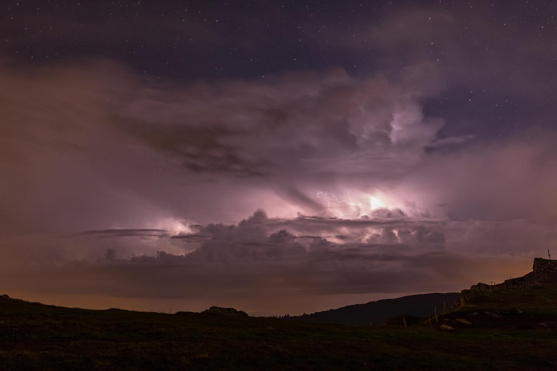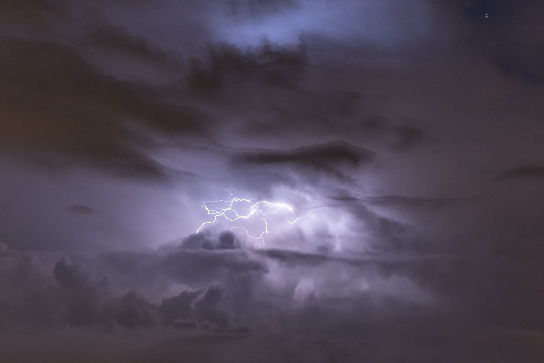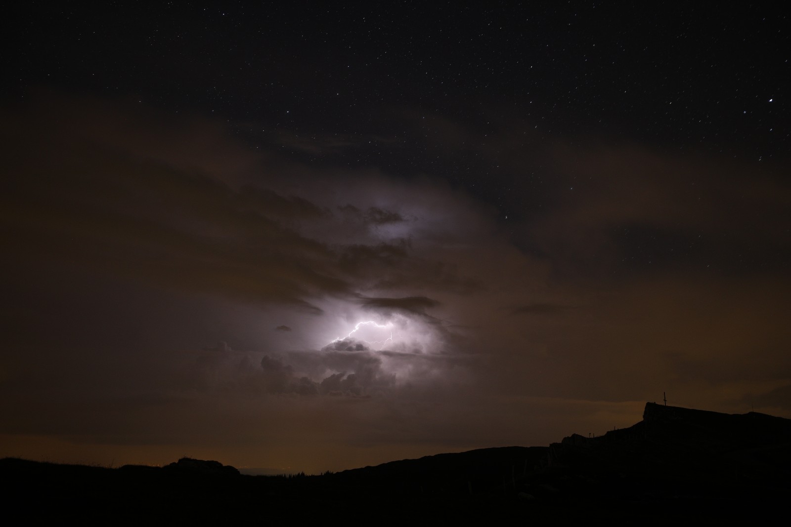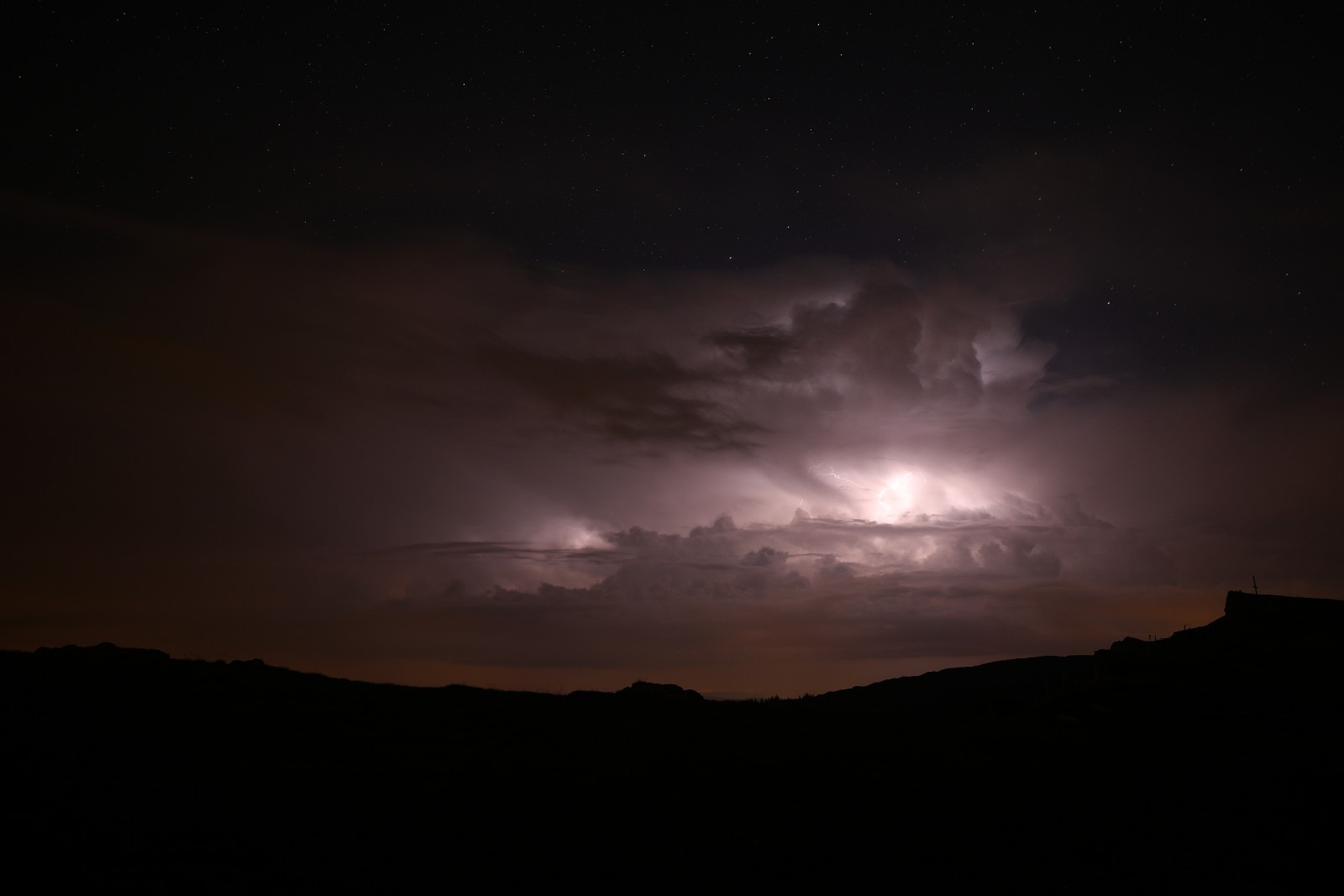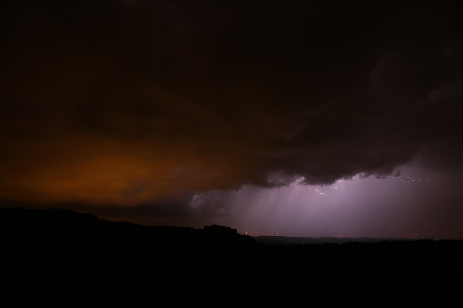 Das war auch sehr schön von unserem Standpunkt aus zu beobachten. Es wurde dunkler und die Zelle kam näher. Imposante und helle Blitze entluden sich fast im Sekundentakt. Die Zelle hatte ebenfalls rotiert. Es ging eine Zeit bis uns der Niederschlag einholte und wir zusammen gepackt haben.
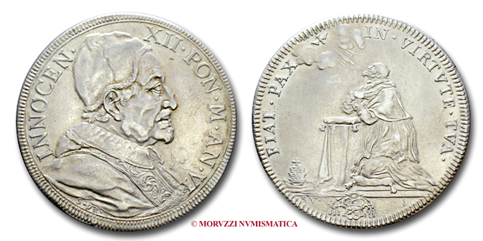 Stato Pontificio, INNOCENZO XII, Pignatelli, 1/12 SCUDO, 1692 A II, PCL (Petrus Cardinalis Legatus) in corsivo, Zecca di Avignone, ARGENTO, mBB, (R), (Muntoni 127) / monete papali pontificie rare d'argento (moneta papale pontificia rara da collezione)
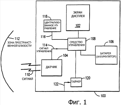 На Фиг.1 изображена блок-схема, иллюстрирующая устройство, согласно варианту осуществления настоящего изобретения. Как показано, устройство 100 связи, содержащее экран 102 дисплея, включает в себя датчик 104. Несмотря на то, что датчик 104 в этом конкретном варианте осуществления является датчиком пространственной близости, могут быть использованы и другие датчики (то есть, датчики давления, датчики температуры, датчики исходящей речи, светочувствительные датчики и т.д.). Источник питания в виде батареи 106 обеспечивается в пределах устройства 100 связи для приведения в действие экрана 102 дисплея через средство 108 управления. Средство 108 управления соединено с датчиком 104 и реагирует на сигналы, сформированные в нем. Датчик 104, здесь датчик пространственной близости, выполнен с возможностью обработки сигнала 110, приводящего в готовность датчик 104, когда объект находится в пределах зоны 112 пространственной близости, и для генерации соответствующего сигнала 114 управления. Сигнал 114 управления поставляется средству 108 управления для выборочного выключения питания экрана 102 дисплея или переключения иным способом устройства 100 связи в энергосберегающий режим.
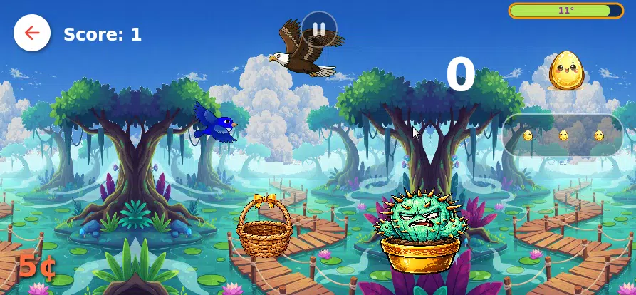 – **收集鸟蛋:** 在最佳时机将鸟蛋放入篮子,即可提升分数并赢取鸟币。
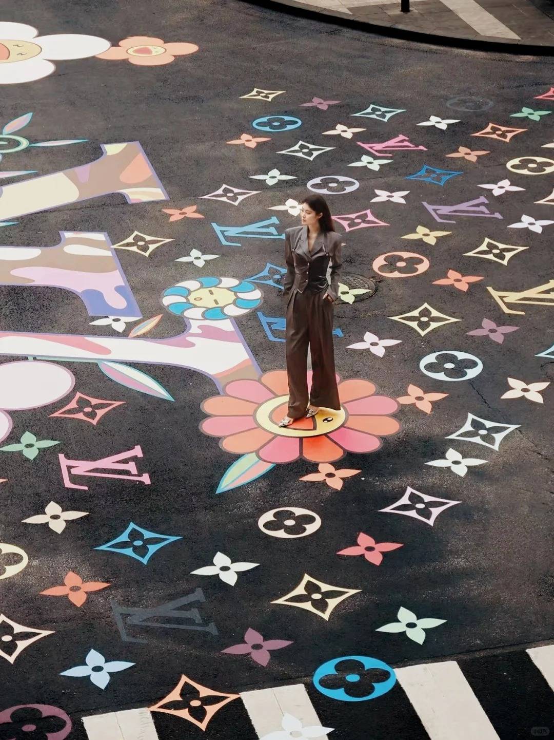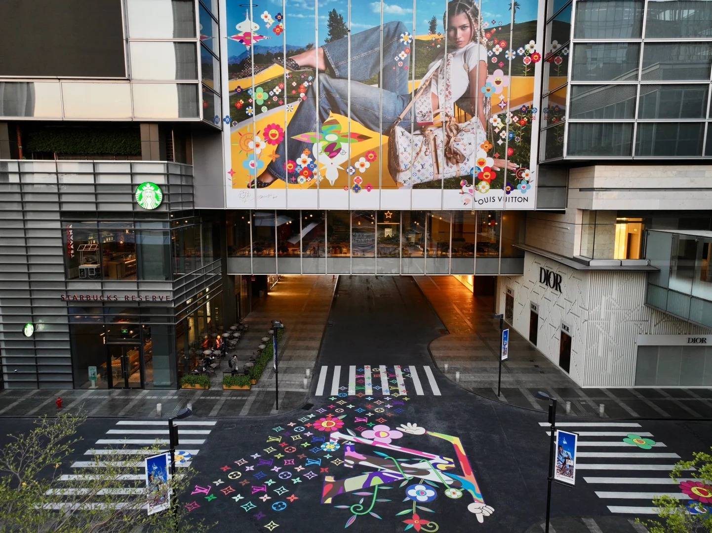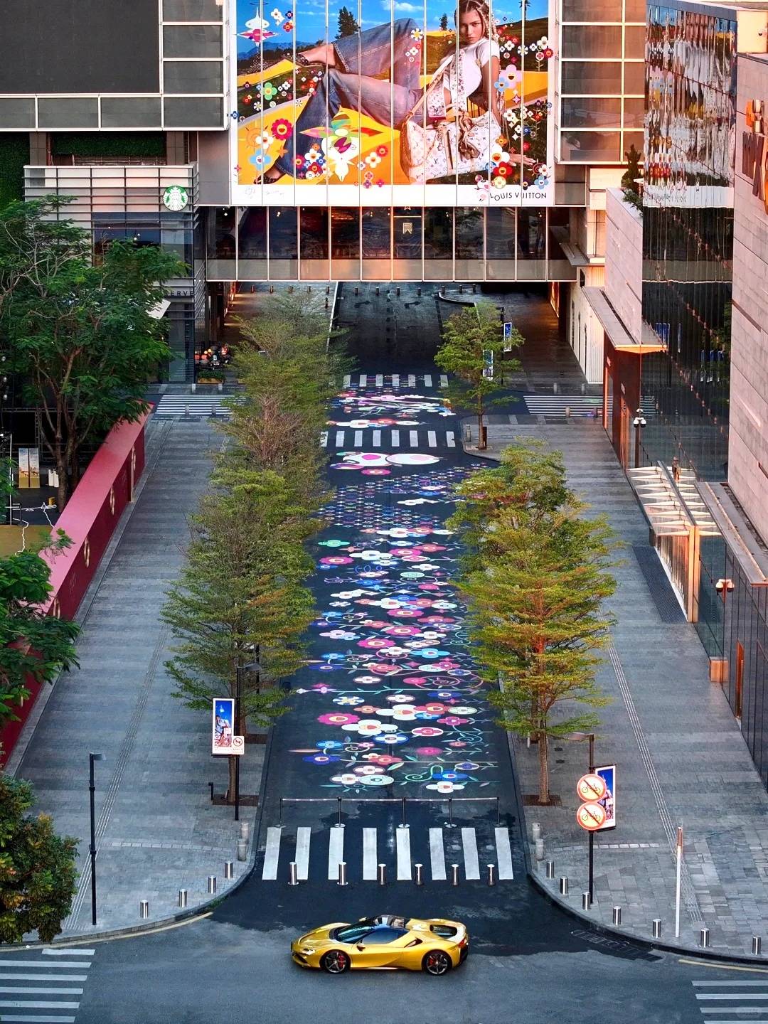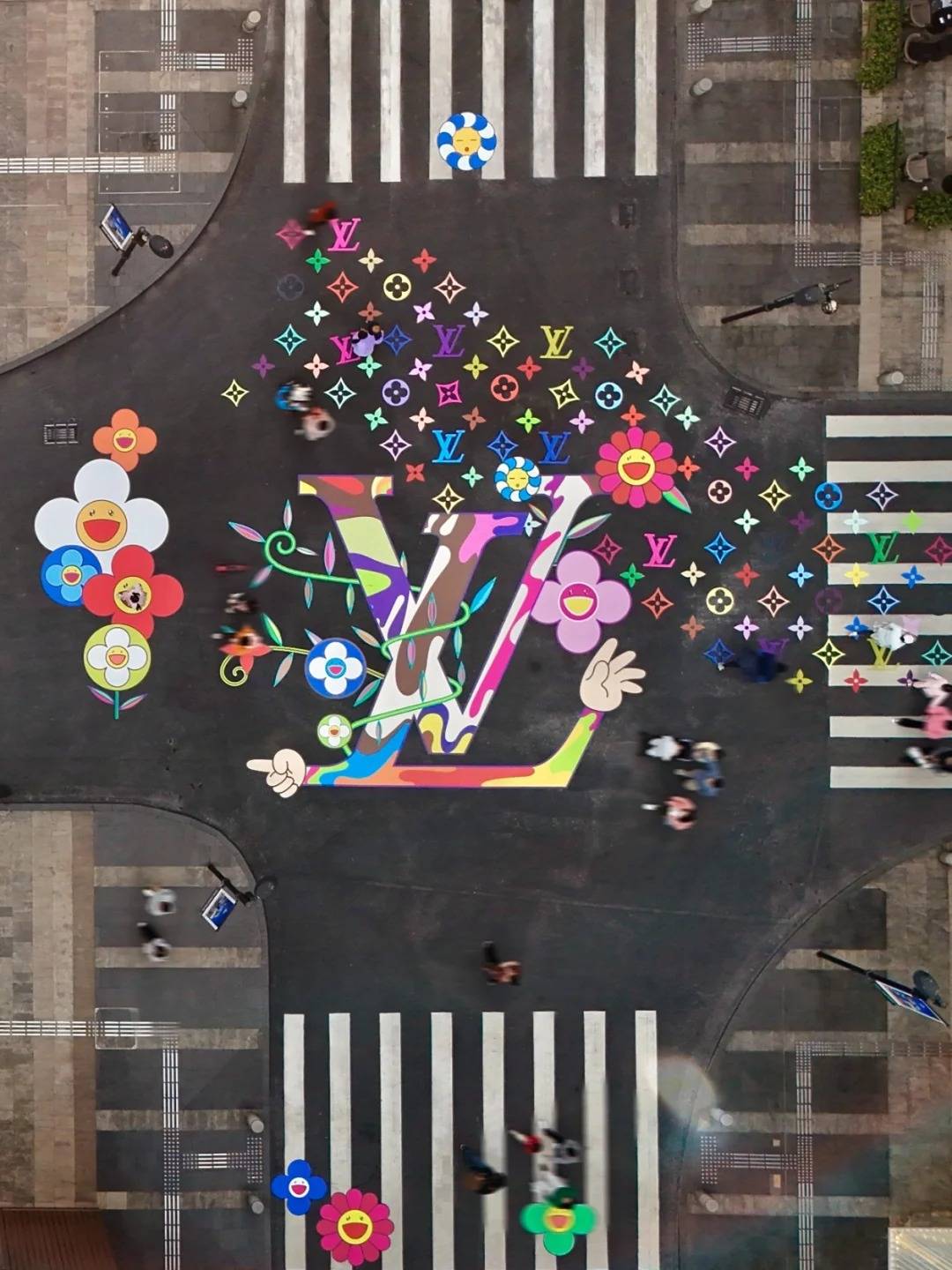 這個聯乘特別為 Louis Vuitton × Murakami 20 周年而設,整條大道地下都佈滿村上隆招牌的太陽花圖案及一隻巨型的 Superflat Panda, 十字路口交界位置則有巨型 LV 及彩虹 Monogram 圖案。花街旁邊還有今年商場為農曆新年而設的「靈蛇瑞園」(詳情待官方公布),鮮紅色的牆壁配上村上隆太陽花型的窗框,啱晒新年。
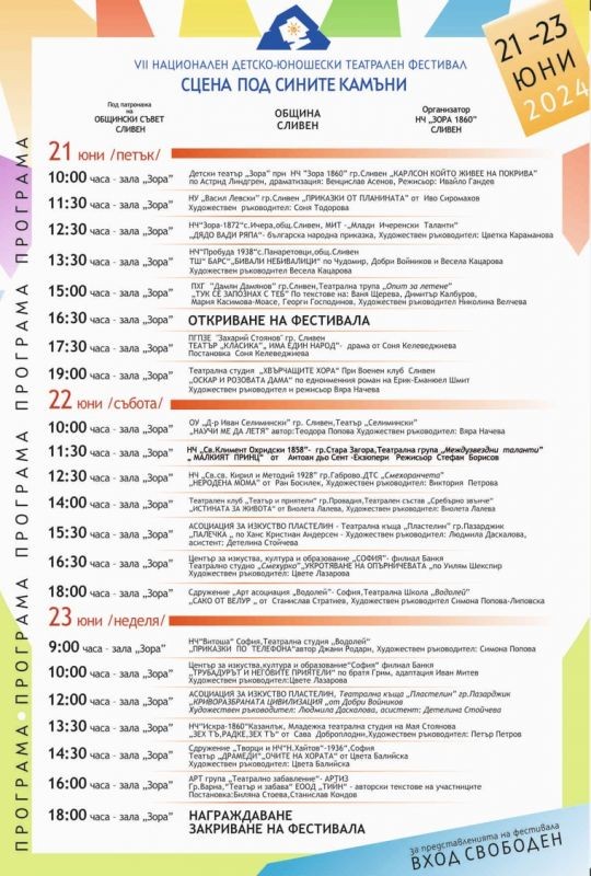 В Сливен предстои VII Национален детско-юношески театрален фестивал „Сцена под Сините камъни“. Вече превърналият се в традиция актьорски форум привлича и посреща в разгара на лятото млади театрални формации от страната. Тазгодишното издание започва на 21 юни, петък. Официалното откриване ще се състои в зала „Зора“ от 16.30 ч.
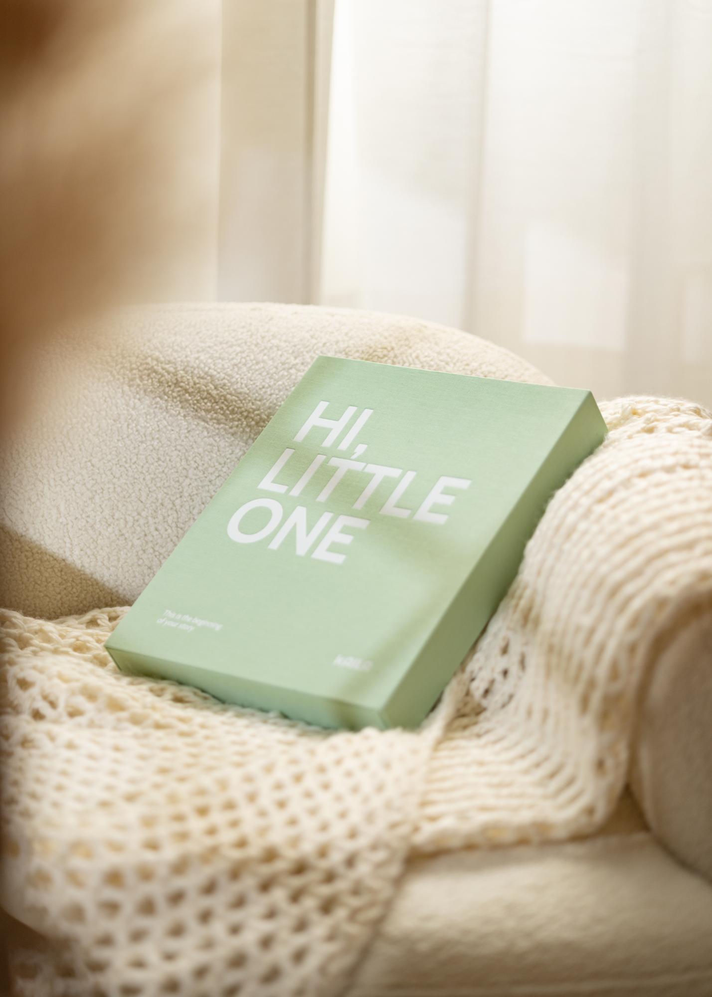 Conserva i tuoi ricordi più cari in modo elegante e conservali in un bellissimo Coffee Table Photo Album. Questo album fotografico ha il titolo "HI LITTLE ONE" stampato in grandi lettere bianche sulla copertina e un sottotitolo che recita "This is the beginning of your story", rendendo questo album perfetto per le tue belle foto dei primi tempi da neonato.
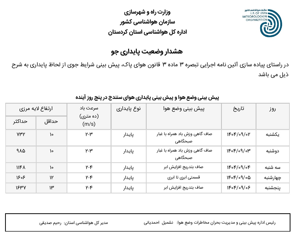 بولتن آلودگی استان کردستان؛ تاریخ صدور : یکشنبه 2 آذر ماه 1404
··········
Exercise objective.
The records above must be output exactly, except for their pictures.

Output of the task.
 Das war auch sehr schön von unserem Standpunkt aus zu beobachten. Es wurde dunkler und die Zelle kam näher. Imposante und helle Blitze entluden sich fast im Sekundentakt. Die Zelle hatte ebenfalls rotiert. Es ging eine Zeit bis uns der Niederschlag einholte und wir zusammen gepackt haben.
 Stato Pontificio, INNOCENZO XII, Pignatelli, 1/12 SCUDO, 1692 A II, PCL (Petrus Cardinalis Legatus) in corsivo, Zecca di Avignone, ARGENTO, mBB, (R), (Muntoni 127) / monete papali pontificie rare d'argento (moneta papale pontificia rara da collezione)
 На Фиг.1 изображена блок-схема, иллюстрирующая устройство, согласно варианту осуществления настоящего изобретения. Как показано, устройство 100 связи, содержащее экран 102 дисплея, включает в себя датчик 104. Несмотря на то, что датчик 104 в этом конкретном варианте осуществления является датчиком пространственной близости, могут быть использованы и другие датчики (то есть, датчики давления, датчики температуры, датчики исходящей речи, светочувствительные датчики и т.д.). Источник питания в виде батареи 106 обеспечивается в пределах устройства 100 связи для приведения в действие экрана 102 дисплея через средство 108 управления. Средство 108 управления соединено с датчиком 104 и реагирует на сигналы, сформированные в нем. Датчик 104, здесь датчик пространственной близости, выполнен с возможностью обработки сигнала 110, приводящего в готовность датчик 104, когда объект находится в пределах зоны 112 пространственной близости, и для генерации соответствующего сигнала 114 управления. Сигнал 114 управления поставляется средству 108 управления для выборочного выключения питания экрана 102 дисплея или переключения иным способом устройства 100 связи в энергосберегающий режим.
 – **收集鸟蛋:** 在最佳时机将鸟蛋放入篮子,即可提升分数并赢取鸟币。
 這個聯乘特別為 Louis Vuitton × Murakami 20 周年而設,整條大道地下都佈滿村上隆招牌的太陽花圖案及一隻巨型的 Superflat Panda, 十字路口交界位置則有巨型 LV 及彩虹 Monogram 圖案。花街旁邊還有今年商場為農曆新年而設的「靈蛇瑞園」(詳情待官方公布),鮮紅色的牆壁配上村上隆太陽花型的窗框,啱晒新年。
 В Сливен предстои VII Национален детско-юношески театрален фестивал „Сцена под Сините камъни“. Вече превърналият се в традиция актьорски форум привлича и посреща в разгара на лятото млади театрални формации от страната. Тазгодишното издание започва на 21 юни, петък. Официалното откриване ще се състои в зала „Зора“ от 16.30 ч.
 Conserva i tuoi ricordi più cari in modo elegante e conservali in un bellissimo Coffee Table Photo Album. Questo album fotografico ha il titolo "HI LITTLE ONE" stampato in grandi lettere bianche sulla copertina e un sottotitolo che recita "This is the beginning of your story", rendendo questo album perfetto per le tue belle foto dei primi tempi da neonato.
 بولتن آلودگی استان کردستان؛ تاریخ صدور : یکشنبه 2 آذر ماه 1404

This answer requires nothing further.